Yes it is a long time ago. The Astor House was bran-new in those days, and you enjoyed quartering there amazingly. Nay, we will see you further back into the times when BUNKER'S was for the élite of travel-dom. Then you went to Saratoga, where you met FRANK WADDELL; you had the KNICKERBOCKER in your pocket; you danced with Southern belles in those days, and were hand in glove with college-mates from Mississippi and Old Louisiana,' and promised to come out and winter on their plantations—tempi passati — we were all good friends then. You liked KNICK so well.

How the summers of twenty, thirty years ago, with their dim memories of loves, and drives, and triumphs, and sorrows, and 'gay times,' struggle mistily up! We were there-oh! you met us very often. People were 'a little aristocratic' then; they had money, and held their heads cavalierly —'t was the tone both South and North- and KNICK held his head up too, with the best of them, and you liked him for it. The old gentleman has always kept good company, and scorned the canaille; been true to his word, and well gifted with a quick, keen instinct of honor the point d'honneur, which can bear death, but not a humiliated life.

Well, he found friends in these later darkened days. Old contributors, genial, kindly souls, gathered around him, and stood by him for the love of auld lang syne. Younger friends, with warm hearts and quick sympathies, who felt at home in good company, gave their aid; more than one fair girl took place at our table, and, in fine, carried us well through. God bless them all! Friends, it is something to be generous and kindly; there is something in doing creditable acts; and it would not be creditable for America to let its highest-toned periodical perish, and the one most closely allied to all noble and refined associations and great literary names.

So, as you see, we are revived. But we pray you, make a rally, and do your best to make us realize that KNICK still has friends in the land! It is not always enough to get your money's worth in mere paper and names — pray remember that every magazine has its peculiar subtle influence; forming character as well as indicating it. He who reads KNICK breathes with it the spirited, earnest, and chevalresque American tone for the past thirty years, and renders himself liable of being suspected to be a gentleman through long habit and association.

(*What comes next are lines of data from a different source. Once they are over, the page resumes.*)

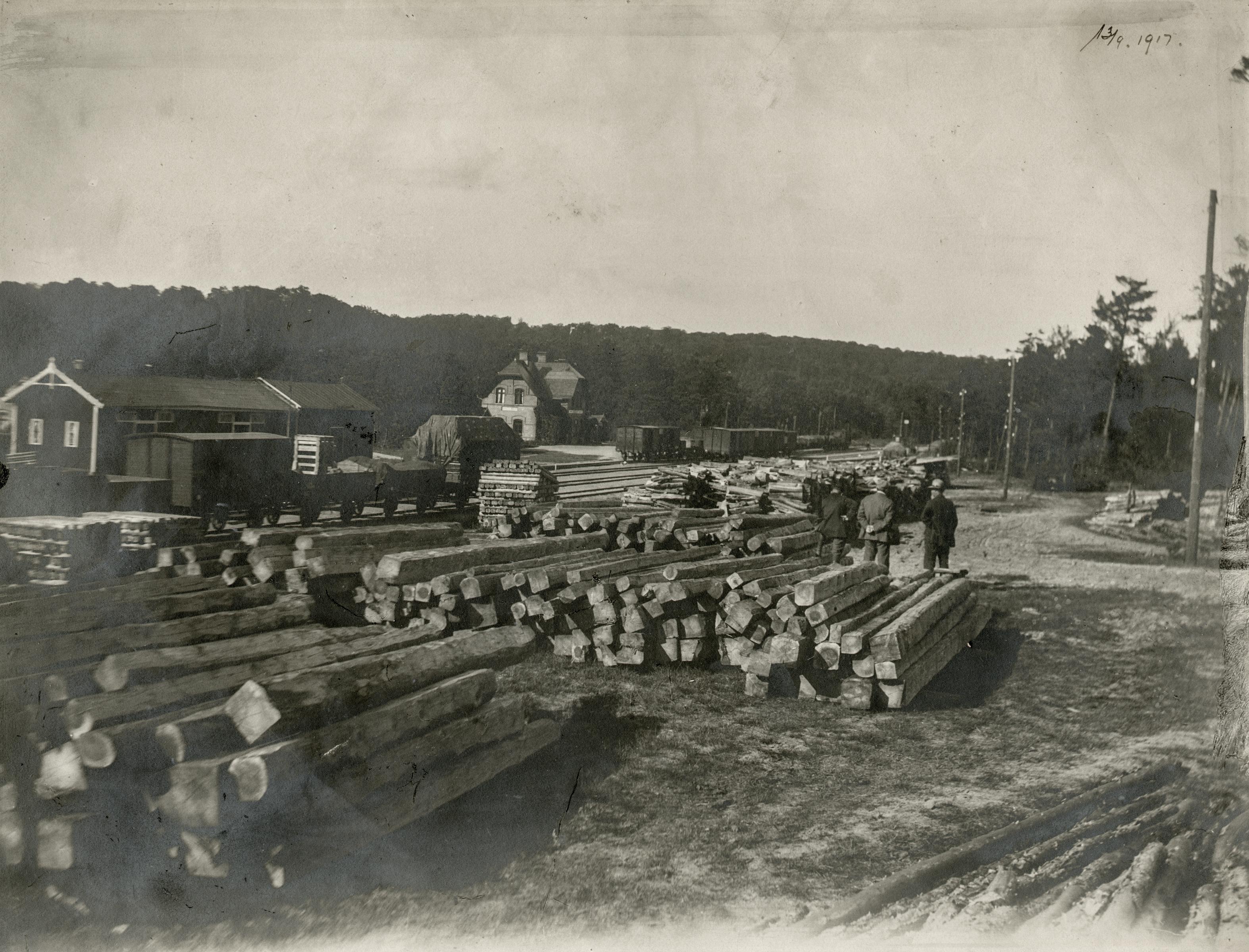 Övedklosters järnvägsstation, godsvagnar med timmer.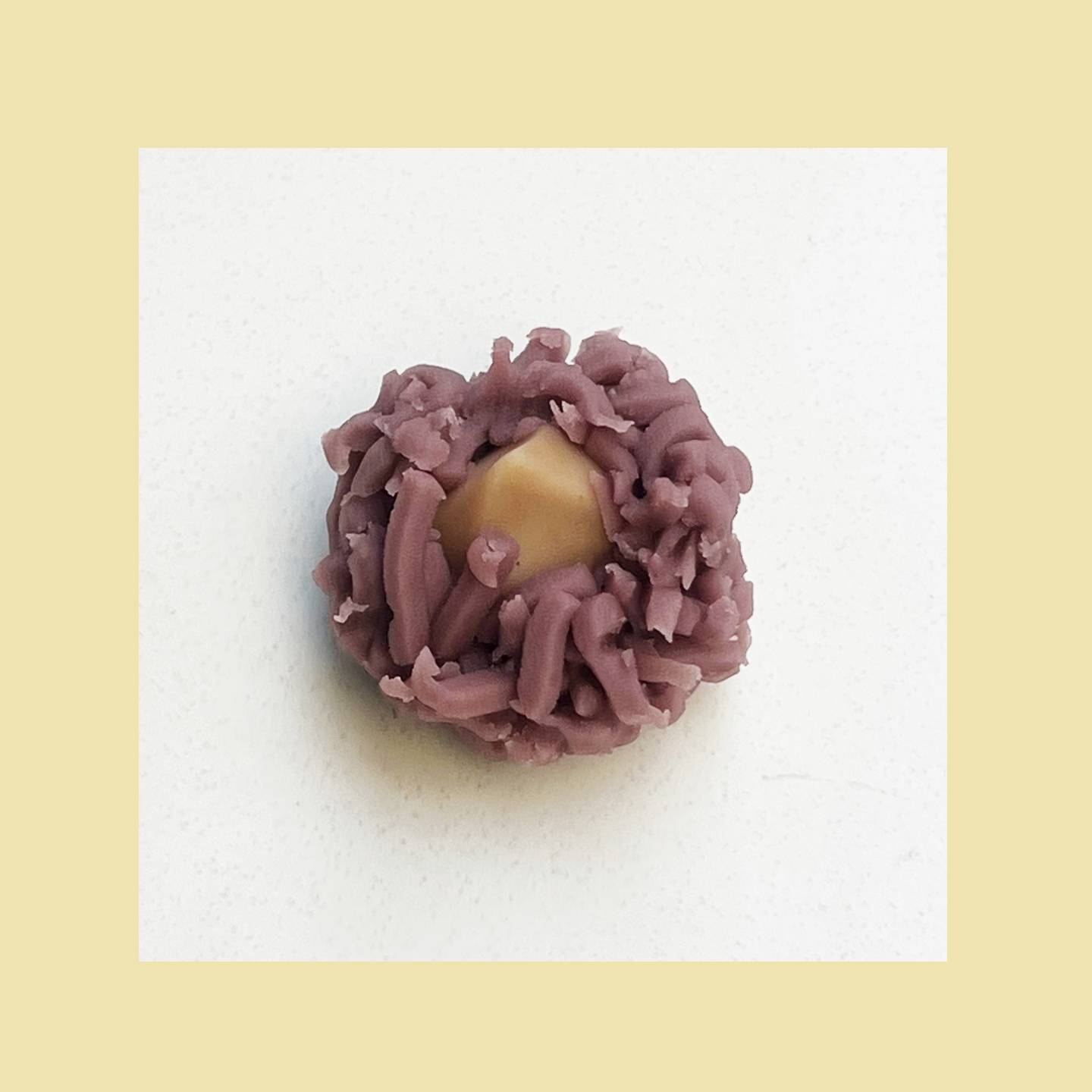 5種類のお菓子と干菓子 材料には特にできる限り国産にこだわって、 不要なものは加えず、シンプルな材料で、 一つ一つ丁寧に作っております。 ※内容は毎月変わります。 きんとん製(キントン): 薯蕷、寒天が入った餡でできています。水分の多い餡の為、とてもやわらかく懐紙に滲むほどです。 材料:きんとん 栗餡 特定原材料28品目:なし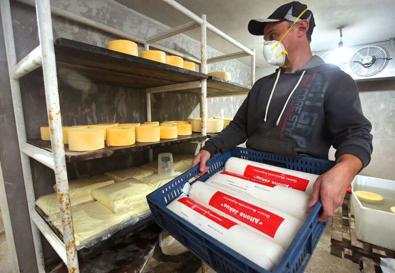 Todos los días, los 365 días del año, Iván y sus hermanos -la cuarta generación- producen queso que sirve como materia prima para panaderías, fábrica de pastas, confiterías y comercios de la zona que trabajan con productos Aitona Jakue, su marca.
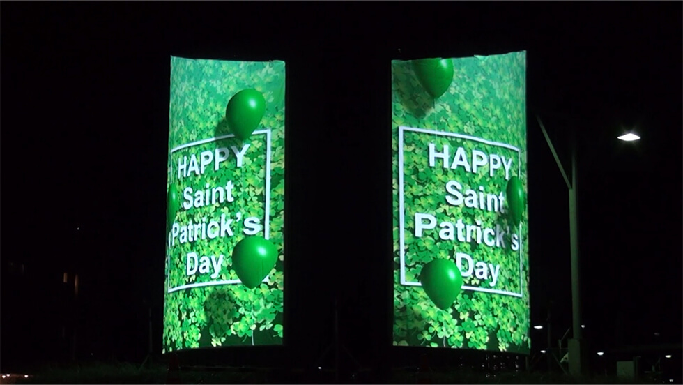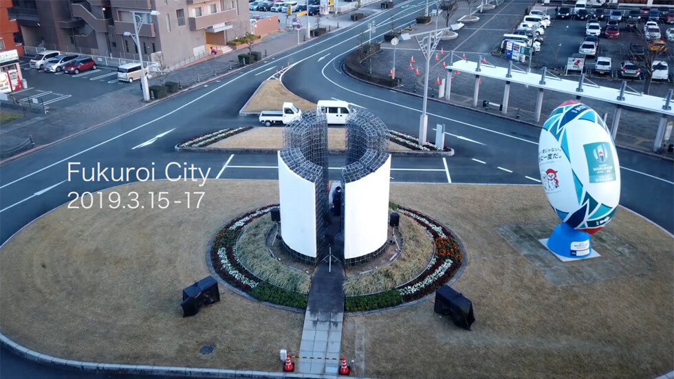 袋井市のPR映像と2019年開催のラグビーW杯PRの2本の映像を、愛野駅前にあるモニュメントを利用したプロジェクションマッピングとして上映しました。 袋井市のPR映像は、2020東京オリンピックにてアイルランド選手団のベースキャンプ地に選定されたこともあり、市をあげて交流ムードを盛り上げると共に、市のPRも兼ねた内容になっています。 ラグビーW杯PRの映像は、2019年のW杯が袋井市のエコパスタジアムで行われることが決定し、そこで行われる8ケ国の試合のPR動画となっています。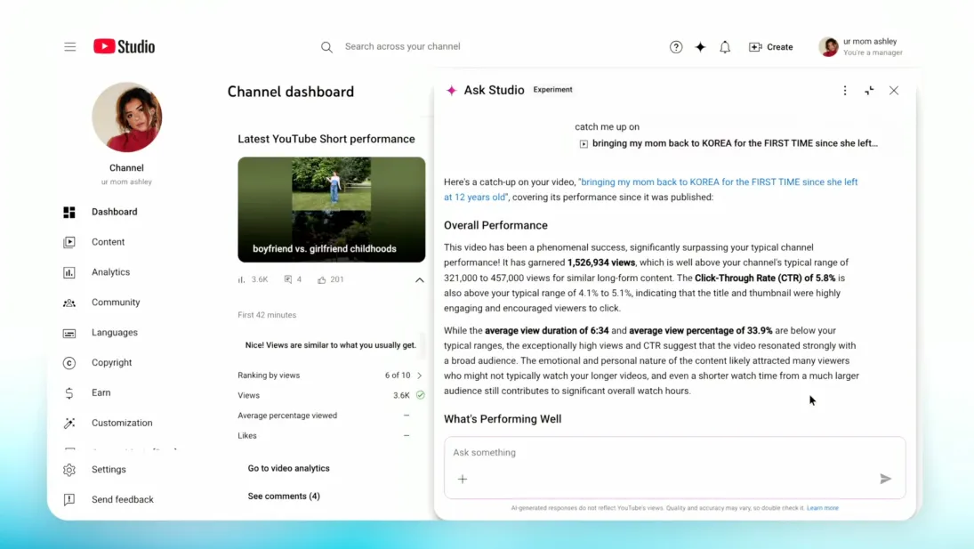 At the heart of the announcements is Ask Studio, an AI chatbot built into YouTube Studio. Instead of creators digging through analytics dashboards, they’ll be able to ask the bot how a video is performing, what viewers are saying, or even for suggestions on how to improve their editing style. YouTube describes it as a “creative partner”, the idea being that insights are surfaced quickly enough to help guide a creator’s next move.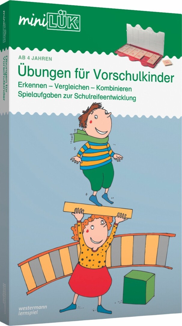 Erkennen, Vergleichen, Kombinieren Spielaufgaben zur Schulreifeentwicklung. Vielseitige Übungen zur Beobachtungs-, Kombinations- un d Denkfähigkeit. Ein wesentlicher Beitrag zur Verbesserung der Schulreife. Inhalt: miniLÜK-Lösungsgerät mit Klarsichtspielteil, Übungshefte Übungen für Vorschulkinder 1 und 2.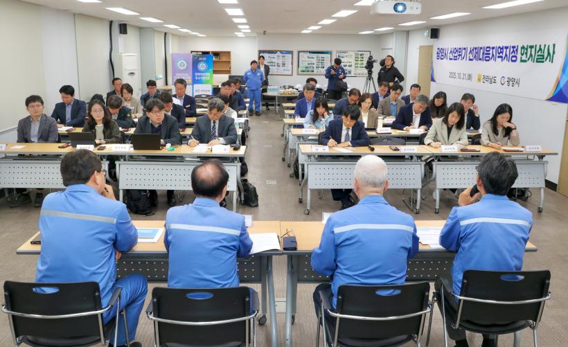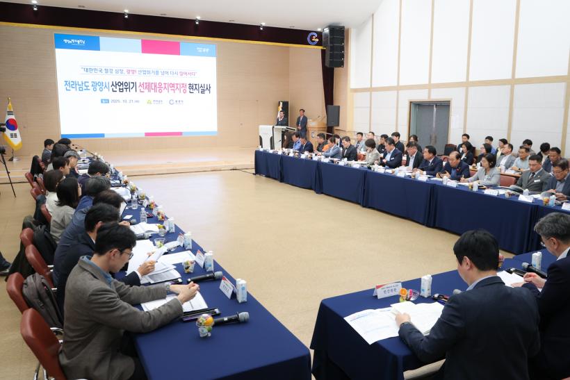 [°ø°£´º½º = Àå¿ÁÁø±âÀÚ] ±¤¾ç½Ã(½ÃÀå Á¤ÀÎÈ)´Â Áö³ 10¿ù 21ÀÏ ¡®»ê¾÷À§±â ¼±Á¦´ëÀÀÁö¿ª ÁöÁ¤¡¯ ÇöÁö ½Ç»ç¸¦ À§ÇØ ½Ã¸¦ ¹æ¹®ÇÑ À§¿øµé¿¡°Ô ö°»ê¾÷ÀÇ ±¸Á¶Àû À§±â »óȲÀ» ¼³¸íÇϰí, Á¤ºÎÀÇ Àû±ØÀûÀÎ Áö¿ø°ú Á¶¼ÓÇÑ ÁöÁ¤À» °·ÂÈ÷ ¿äûÇß´Ù°í ¹àÇû´Ù.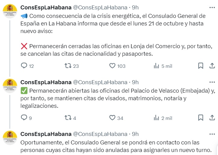 Para este lunes 21 de octubre, el Consulado de España en Cuba ya había programado la atención de 326 personas adicionales por semana para los trámites relacionados con la Ley de Memoria Democrática, un incremento del 37,33 % en la capacidad de procesamiento, pero estos planes se han suspendido debido a la crisis energética en el país.

Therefore, friends, we pray you all take hold 'withe ryghte goode wille,' and aid us in this our effort to restore our old friend to his former fortune. As it is, we take hold hopefully, vigorously, believing, heart and soul, that we have friends, who will as gladly make an effort to help us as we would them; for never yet did a reader of KNICK drop us a line, or ask of us a courtesy editorial, that we did not comply de bonne grace. If but a small portion of those

who love us will simply say to their neighbor or friend, 'Subscribe,' they will do as good a deed—but no matter. Friend Reader, we see you smile, and opine that that smile bodes good to us. Adieu for this month- and when we next meet may we all have cause to act as those do who have heard very good news!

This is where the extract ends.